Snatchabook by Helen Docherty, illus. by Thomas Docherty (Sourcebooks Jabberwocky, $16.99 hardcover, 32p., ages 3-6, 9781402290824, October 1, 2013)

This whodunit with an uplifting ending will appeal to fans of How the Grinch Stole Christmas! Instead of a villain who makes off with the fixings of the season, this one steals stories from their shelves as children sleep. While Cindy-Lou Who caught the Grinch in the act, here Eliza Brown, an industrious bunny, corners the Snatchabook.

Helen Docherty's rhyme scheme and meter, too, echo Seuss's: "In every house,/ in every bed,/ a bedtime book/ was being read." The husband-and-wife team opens with an autumn night as leaves swirl from the trees. Charming cutaway views of brightly lit scenes inside tree trunks and underground burrows show owls, squirrels, badgers, rabbits and hedgehogs snuggled up with their little ones, reading stories under a full moon. Thomas Docherty adheres to an autumnal palette of gold, brown and russet, with large swathes of forest green and cornflower blue as he moves from the landscape view of the forest animals' abodes to close-up vignettes that detail the books in progress. The badger family reads "tales of dragons, spitting flames," with an open page depicting a dragon in hot pursuit of a sword-wielding badger hero, while the hedgehog family hears about "witches playing spooky games." Pirate and princess stories delight the owl and bunny families, and children will recognize a bunny toting a basket and wearing a red cape as Little Red Riding Hood in Eliza Brown's book. That is, before someone (or something) snatches her storybook right out from under her. Other critters' books disappear, too, and their thought balloons indicate that they've begun to suspect one another: "Eliza Brown, at Number Three,/ was keen to solve the mystery."

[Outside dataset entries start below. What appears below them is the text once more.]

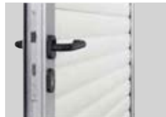
Lever handle set as standard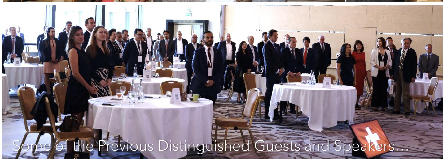
Some of the Previous Distinguished Guests and Speakers...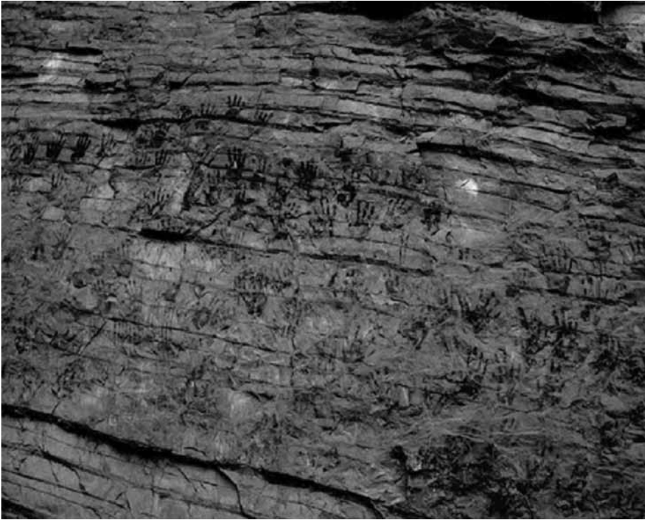
Fig. 6 – Hand Stencils in Tianziyan, Central China

not be neglected to analyze the relationship between the site of hand stencil and its natural setting: inside cave or rock shelter or on cliff, additionally some hand stencils apparently present on the surface of huge stone. Moreover, another dominant index should be considered whether there is the presence of any other archaeological contexts in the vicinity of the site of hand stencils.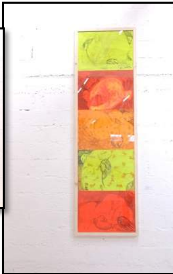
Night & Dream, Ink on fluorescent sticker, 2010, Bisrat Shibabaw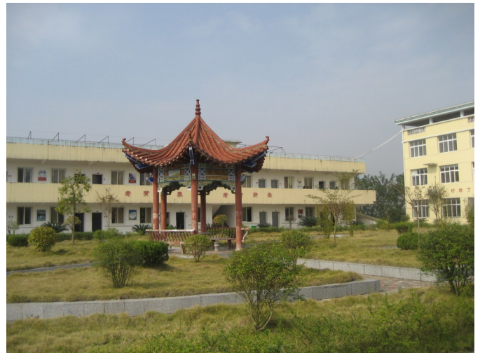
Building for elderly & disabled adults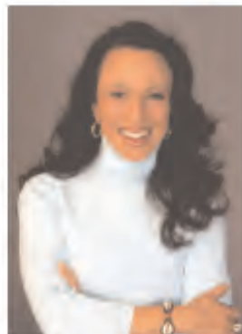
Maria Hinojosa PBS Senior Correspondent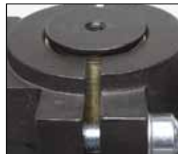
breakaway hub prevents gearbox damage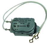
WG1570-10D 125 VAC, 60 Hz Motor for T101, T103, T105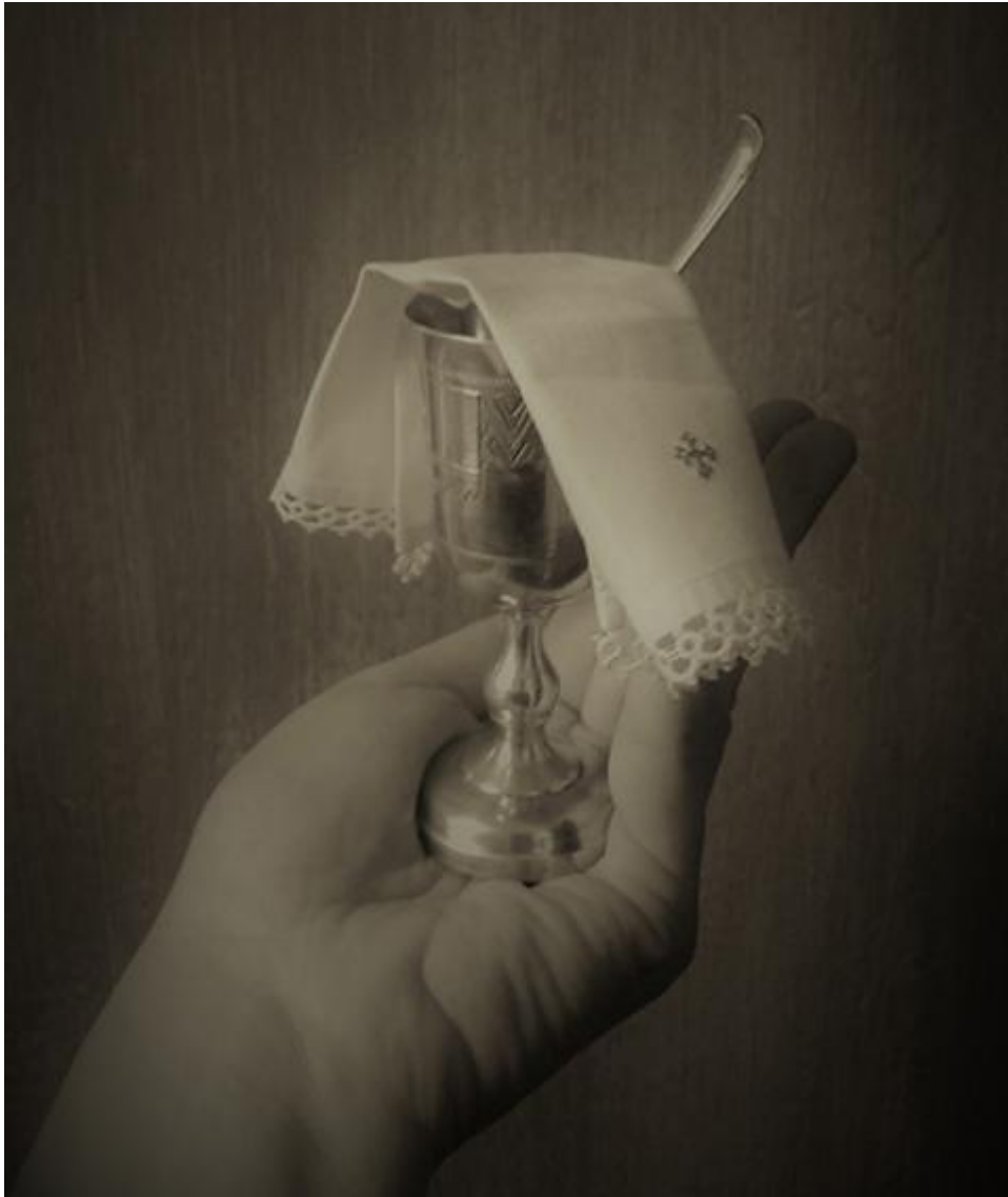
A miniature chalice from the time of the underground Ukrainian Greek Catholic Church

The Basilian Sisters came to Croatia from Ukraine in 1915. In the late 19th and early 20th centuries, thousands of Ukrainians left their homeland in search of a better life. Thanks to Metropolitan Andrey Sheptytsky , priests and nuns followed the exodus to support their people, and the community of Basilian Sisters in Croatia developed and grew.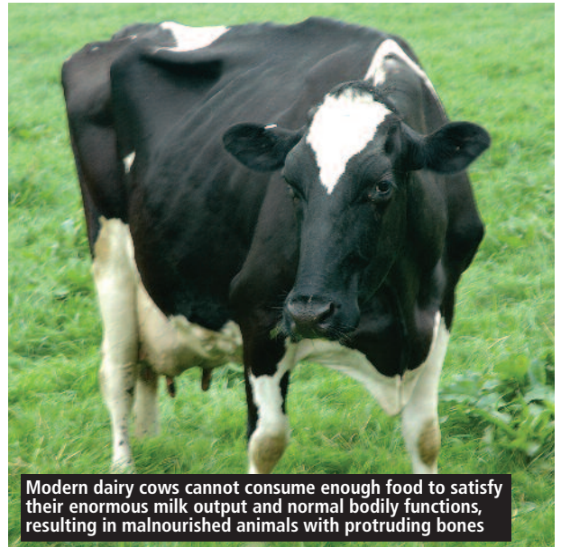
Modern dairy cows cannot consume enough food to satisfy their enormous milk output and normal bodily functions, resulting in malnourished animals with protruding bones

Excess mobilisation of fat can lead to a toxic level of ketones (by-products of fat breakdown) accumulating in the blood, milk and urine, causing a loss of appetite and drop in milk yield (70). Affected cows may also exhibit nervous signs, which include excessive salivation, licking of walls or gates, poor co-ordination and aggression (70). It is thought that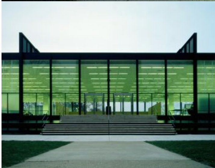
Crown Hall, Illinois Institute of Technology , Chicago, IL (1950-56), Ludwig Mies van der Rohe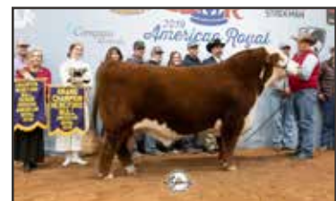
H MONTGOMERY 7437 ET 2019 American Royal Grand Champion Polled Hereford Bull Full Brother to Lot 14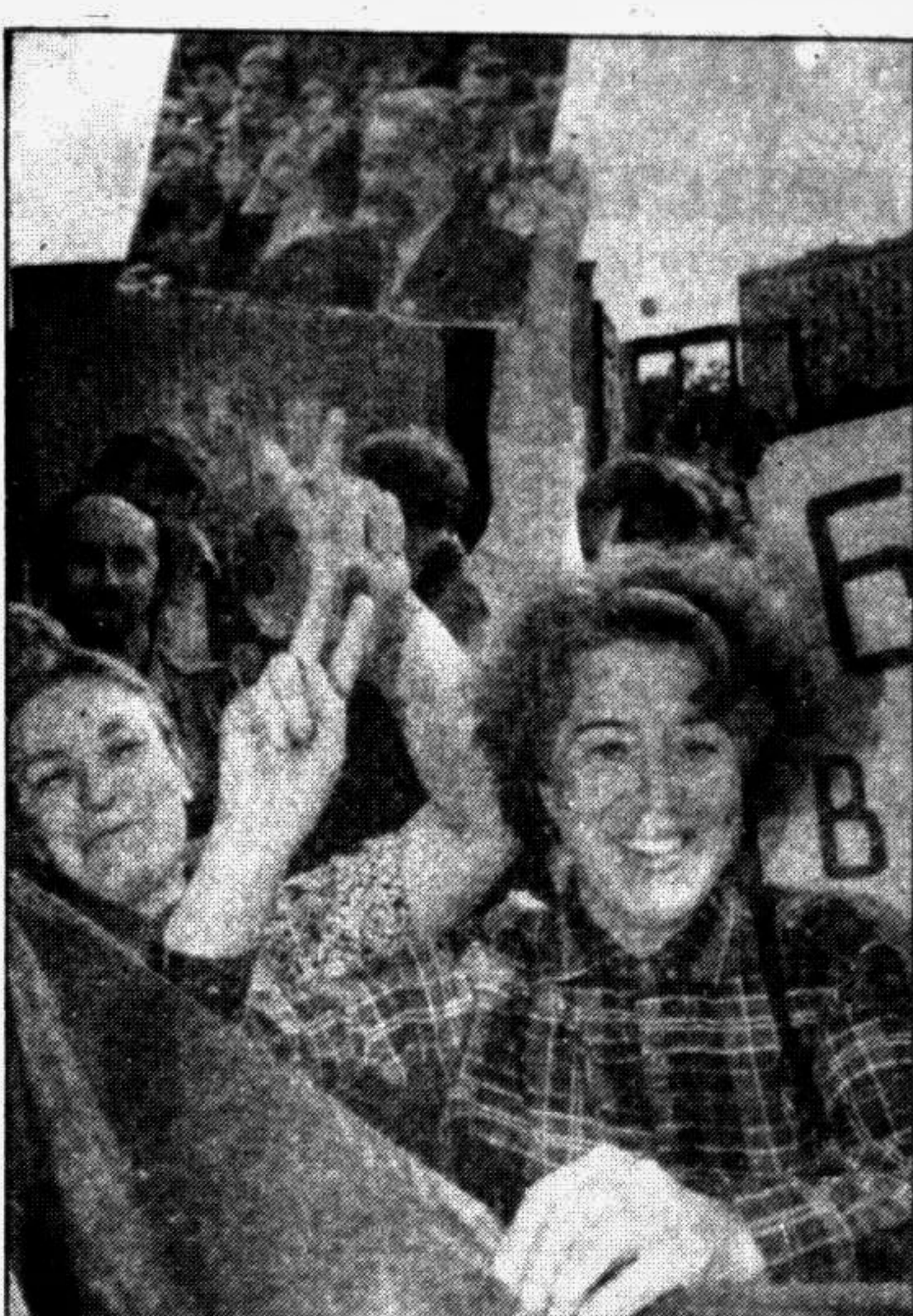
MOSCOW: Supporters of Russian President-elect Boris Yeltsin celebrate his victory in Moscow's Pushkin Square Thursday.

Mrs Gandhi, who continues to live in her husband's heavily guarded home on Janpath Road, is obsessed with worries for her children's security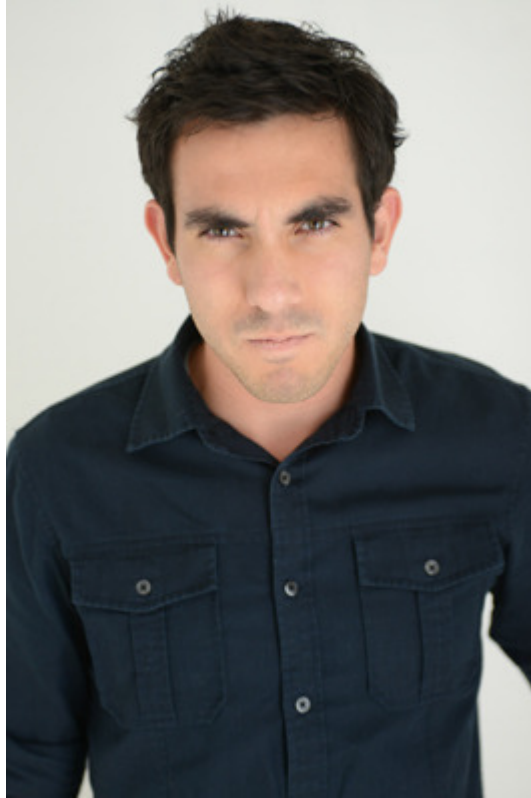
An urban scowl.

Would you want to approach the person who is pictured wearing an urban scowl? Keep in mind that many people who exhibit this expression are totally unaware they are displaying foe signals that discourage others from interacting with them. That is why an understanding of what constitutes appropriate verbal and nonverbal friend signals is so critical.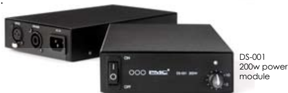
DS-001 200w power module

Pure, ultra clean power at the heart of both the DB1S-AII and TB2S-AII. The DS-001 is an ultra low distortion class D power amplifier and is therefore ideally suited for the reference monitoring purposes. It produces an astonishing 200W into 8 ohms with a flat frequency curve under all loads due to its intelligent feedback circuit. The extremely compact power supply features over current protection and large electrolytic buffer capacitors which allow for large current delivery and vast dynamic headroom.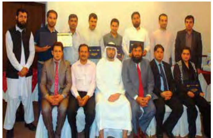
Training on Internal Audit and Control

Trainer plays the most important role in delivering a training. We therefore remain very strict in selection of a Trainer. The key abilities we assess while selecting a Trainer for a course include; understanding the technical content of the training, presentation skills, and his methodology and style of preparing training material and working with the trainees/students.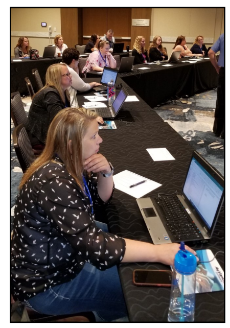
INTERMEDIATE EXCEL LAB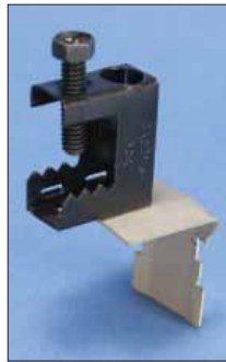
CATHPBCB Screw-on Beam Assembly

for 1/8" – 5/8" flange with 360° rotation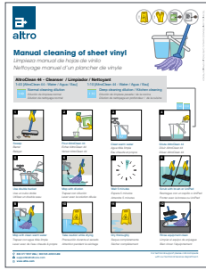
Illus. cleaning guides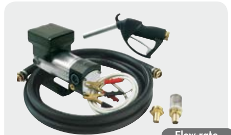
BATTERY KIT OIL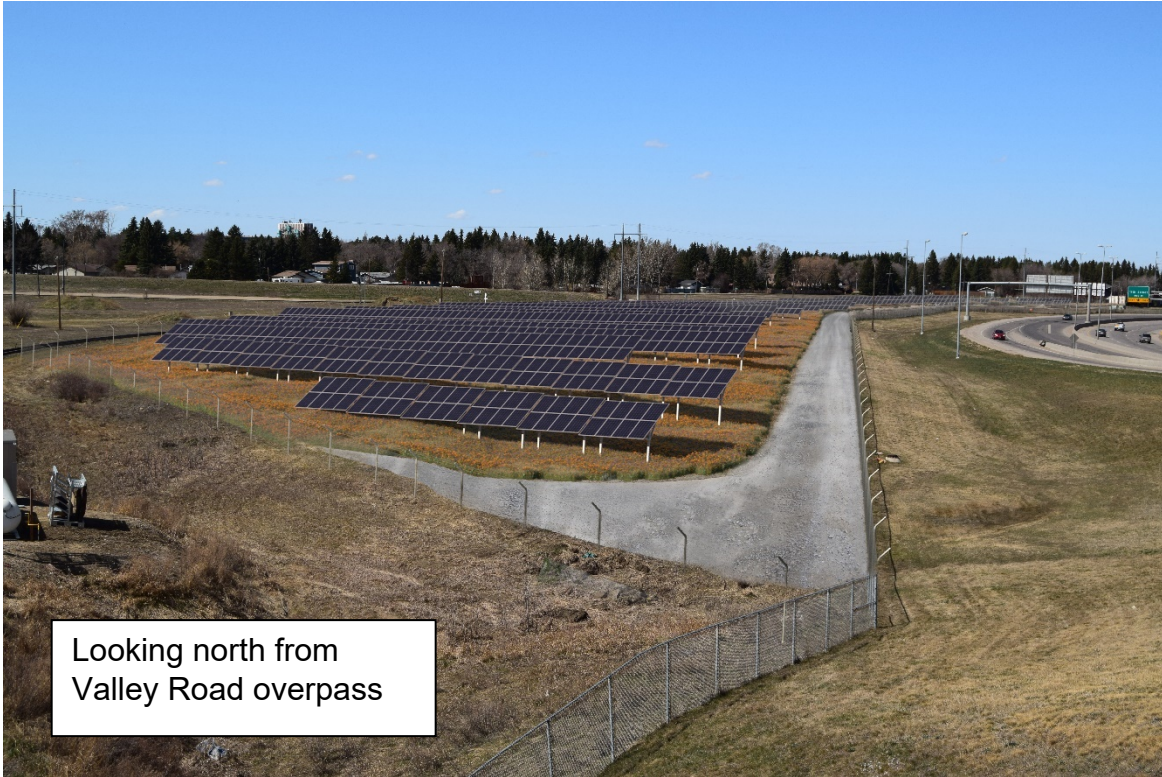
Looking north from Valley Road overpass

Readers get a glimpse of the Snatchabook before Eliza does, as he flies away with his treasure by moonlight. When she does catch him, the Snatchabook is repentant (children will see that the stolen book is The Three Bears): "Eliza sighed. He looked so sad./ If he just had a mom or dad/ to read him stories every night--/ well, then he might behave all right!" Eliza has a remedy for that, too, but first the Snatchabook must set things right. Children will revel in the message that bedtime reading is a ritual to be revered, and will forgive the Snatchabook for his wish to share in it. --Jennifer M. Brown

Shelf Talker: This picture book whodunit from a husband-and-wife team celebrates bedtime reading as a ritual to be revered, and features a thief who merely wants to share in the fun.